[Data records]
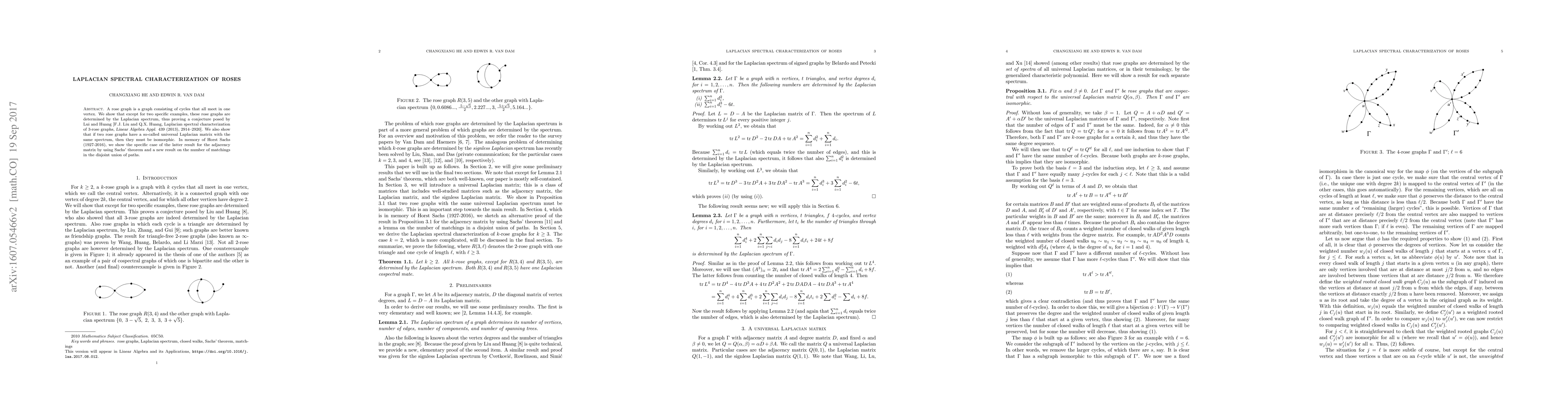 A rose graph is a graph consisting of cycles that all meet in one vertex. We show that except for two specific examples, these rose graphs are determined by the Laplacian spectrum, thus proving a conjecture posed by Lui and Huang [F.J. Liu and Q.X. Huang, Laplacian spectral characterization of 3-rose graphs, Linear Algebra Appl. 439 (2013), 2914--2920]. We also show that if two rose graphs have a so-called universal Laplacian matrix with the same spectrum, then they must be isomorphic. In memory of Horst Sachs (1927-2016), we show the specific case of the latter result for the adjacency matrix by using Sachs' theorem and a new result on the number of matchings in the disjoint union of paths.
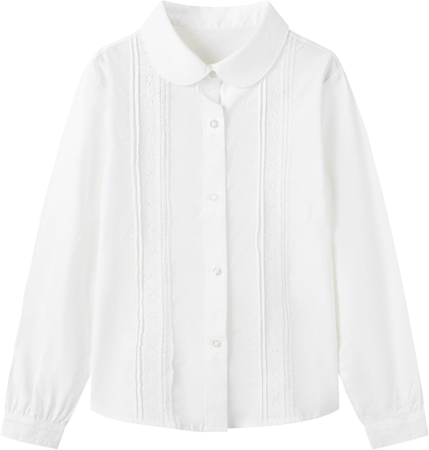 eton kidd Girls Lace Trim Long Sleeve Blouse with Plum Blossom Buttons Club Collar Tailored Silhouette
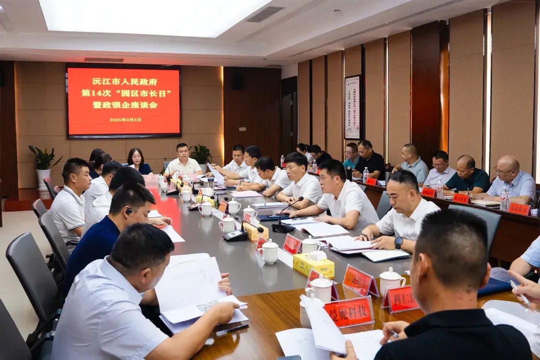 9月8日,沅江市委副书记、市长罗必胜组织开展市人民政府第十四次“园区市长日”活动并召开政银企座谈会。市委常委、常务副市长夏鑫主持,副市长谢贵、田野,高新区管委会主任梁成伟出席。
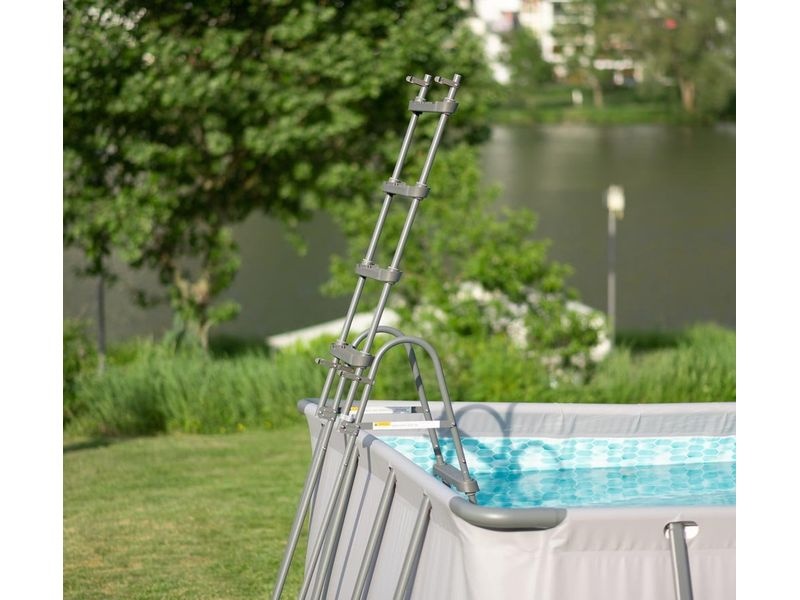 3. Schůdky do bazénu – Žebřík s protiskluzovým povrhem zajišťuje bezpečný a pohodlný vstup a výstup z/do nadzemního bazénu.
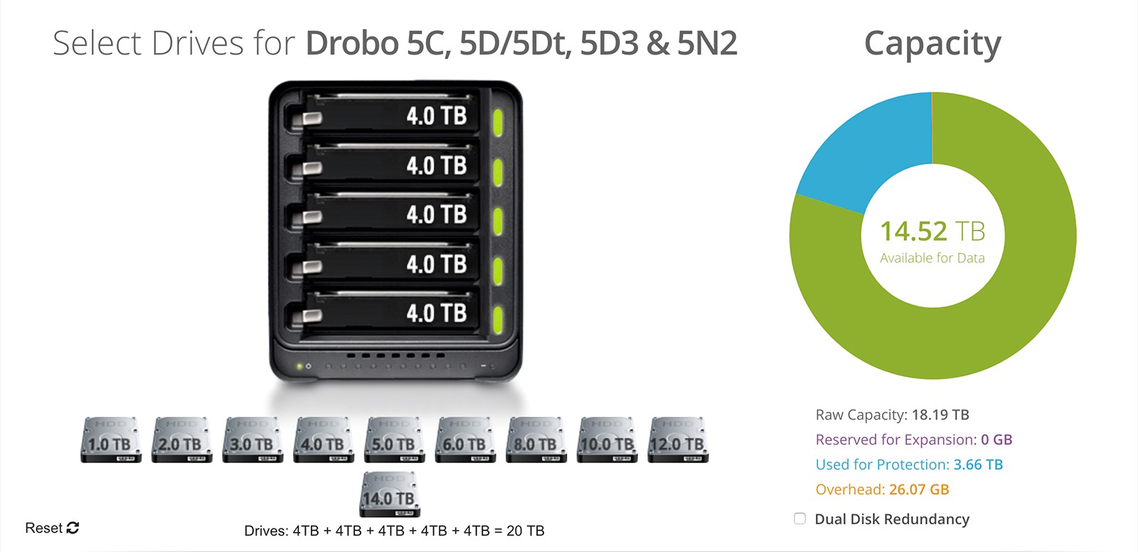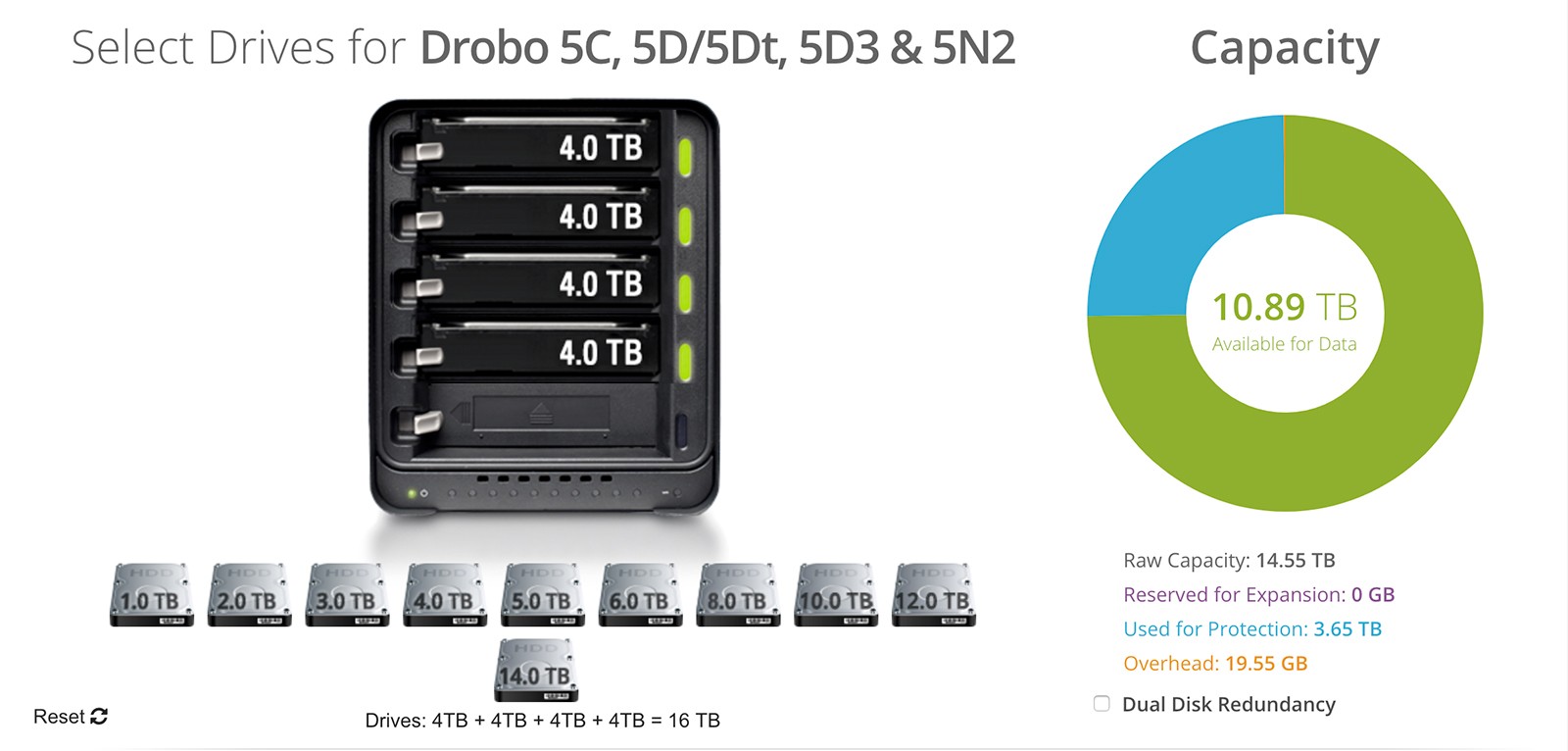 My being on a budget, I decided I’d use the Drobo Capacity Calculator located here, to determine what size and how many hard drives I’d start with. I figured that I’d want at least 4TB drives and so I added those to the Capacity Calculator and it showed me this.
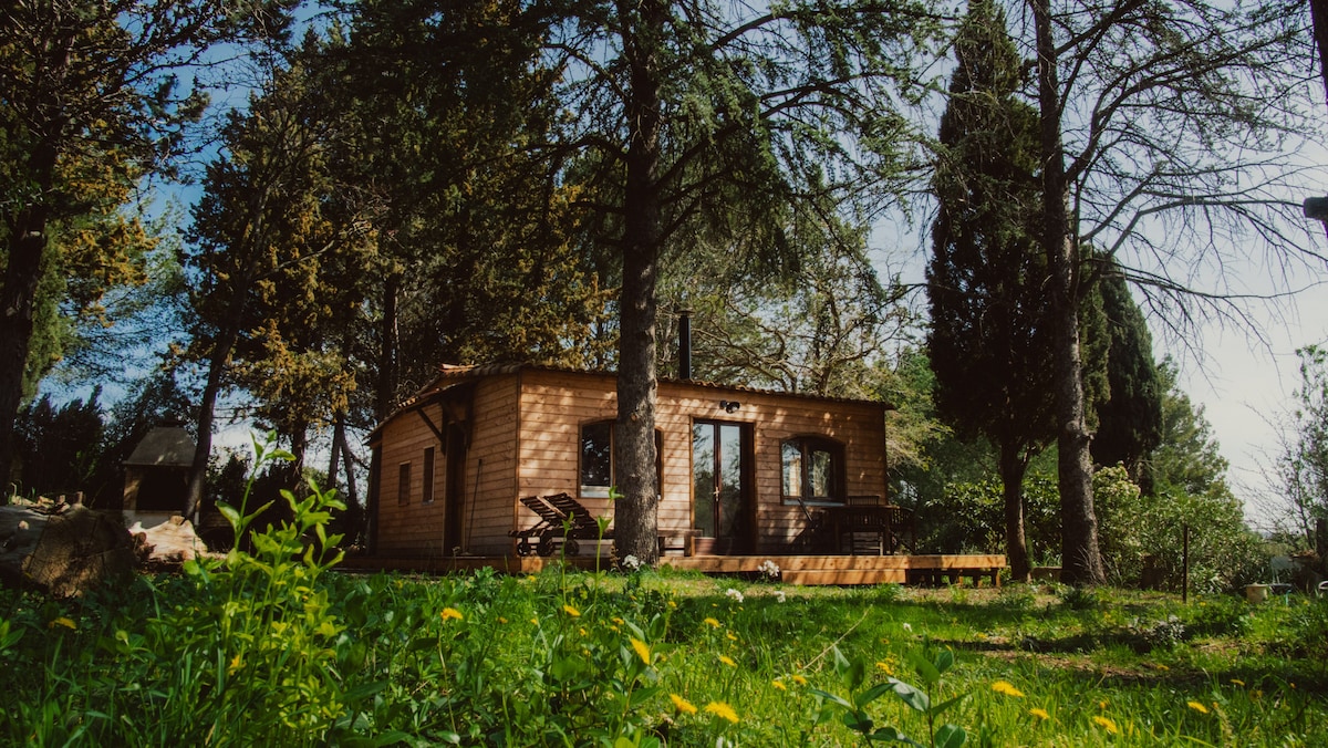 Cabane au sein d'un domaine arboré Mont St Clair, avec une terrasse vue sur la ville, le port et la mer à l'abri des regards en 2 espaces privatifs reliés par un escalier extérieur. Niveau inférieur fermé : Chambre 12m2 avec lit 160, toilettes Niveau supérieur : Salle d'eau douche, cuisine d'été de 6m2, ouverte sur une terrasse de 8 m2 avec table Buanderie commune avec lave linge et sèche linge Accès piscine collective ( non chauffée) de 09h à 19h. Parking gratuit sur place pour 1 véhicule
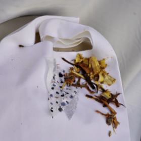 futashiba248が、茨城の農家から譲り受けた農業廃棄物(りんごの木、栗の鬼皮など)での草木染を家庭で体験できるキット。農家から譲り受けた廃棄物の可能性を広げると同時に、廃棄物を減らしながら、染めを楽しむことで、環境にも寄与できるこのキットは、今回のイベントで初公開となります。
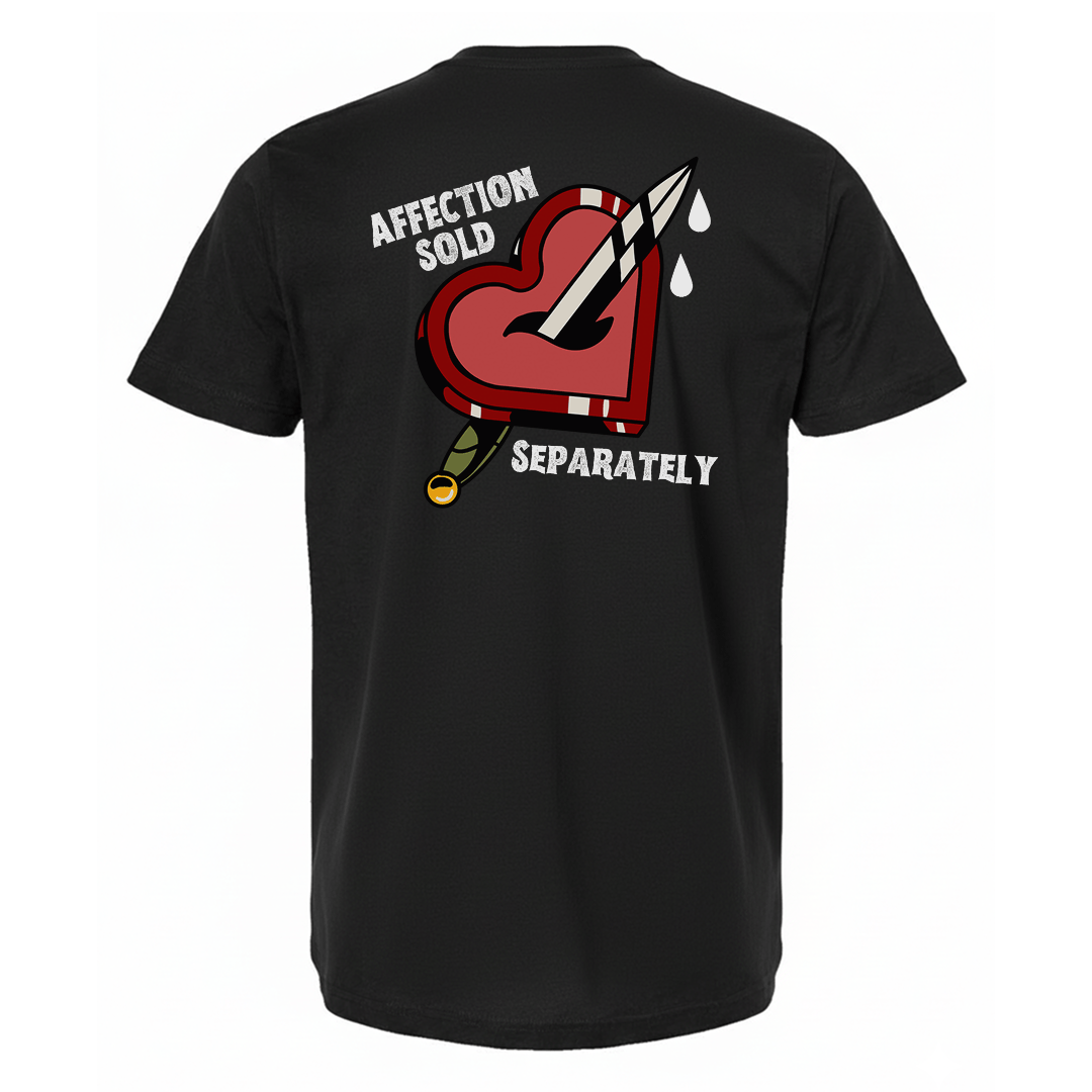Not everyone leads with their heart and this design makes that clear. The Affection Sold Separately design features bold tattoo-style artwork of a pierced heart, dripping with raw emotion and zero apologies. It’s a nod to guarded souls, hard lessons, and the strength it takes to keep moving forward without handing out pieces of yourself for free.

Directions:
Set down the records above exactly, leaving out pictures.

Solution for this exercise:
 A rose graph is a graph consisting of cycles that all meet in one vertex. We show that except for two specific examples, these rose graphs are determined by the Laplacian spectrum, thus proving a conjecture posed by Lui and Huang [F.J. Liu and Q.X. Huang, Laplacian spectral characterization of 3-rose graphs, Linear Algebra Appl. 439 (2013), 2914--2920]. We also show that if two rose graphs have a so-called universal Laplacian matrix with the same spectrum, then they must be isomorphic. In memory of Horst Sachs (1927-2016), we show the specific case of the latter result for the adjacency matrix by using Sachs' theorem and a new result on the number of matchings in the disjoint union of paths.
 eton kidd Girls Lace Trim Long Sleeve Blouse with Plum Blossom Buttons Club Collar Tailored Silhouette
 9月8日,沅江市委副书记、市长罗必胜组织开展市人民政府第十四次“园区市长日”活动并召开政银企座谈会。市委常委、常务副市长夏鑫主持,副市长谢贵、田野,高新区管委会主任梁成伟出席。
 3. Schůdky do bazénu – Žebřík s protiskluzovým povrhem zajišťuje bezpečný a pohodlný vstup a výstup z/do nadzemního bazénu.
 My being on a budget, I decided I’d use the Drobo Capacity Calculator located here, to determine what size and how many hard drives I’d start with. I figured that I’d want at least 4TB drives and so I added those to the Capacity Calculator and it showed me this.
 Cabane au sein d'un domaine arboré Mont St Clair, avec une terrasse vue sur la ville, le port et la mer à l'abri des regards en 2 espaces privatifs reliés par un escalier extérieur. Niveau inférieur fermé : Chambre 12m2 avec lit 160, toilettes Niveau supérieur : Salle d'eau douche, cuisine d'été de 6m2, ouverte sur une terrasse de 8 m2 avec table Buanderie commune avec lave linge et sèche linge Accès piscine collective ( non chauffée) de 09h à 19h. Parking gratuit sur place pour 1 véhicule
 futashiba248が、茨城の農家から譲り受けた農業廃棄物(りんごの木、栗の鬼皮など)での草木染を家庭で体験できるキット。農家から譲り受けた廃棄物の可能性を広げると同時に、廃棄物を減らしながら、染めを楽しむことで、環境にも寄与できるこのキットは、今回のイベントで初公開となります。
Not everyone leads with their heart and this design makes that clear. The Affection Sold Separately design features bold tattoo-style artwork of a pierced heart, dripping with raw emotion and zero apologies. It’s a nod to guarded souls, hard lessons, and the strength it takes to keep moving forward without handing out pieces of yourself for free.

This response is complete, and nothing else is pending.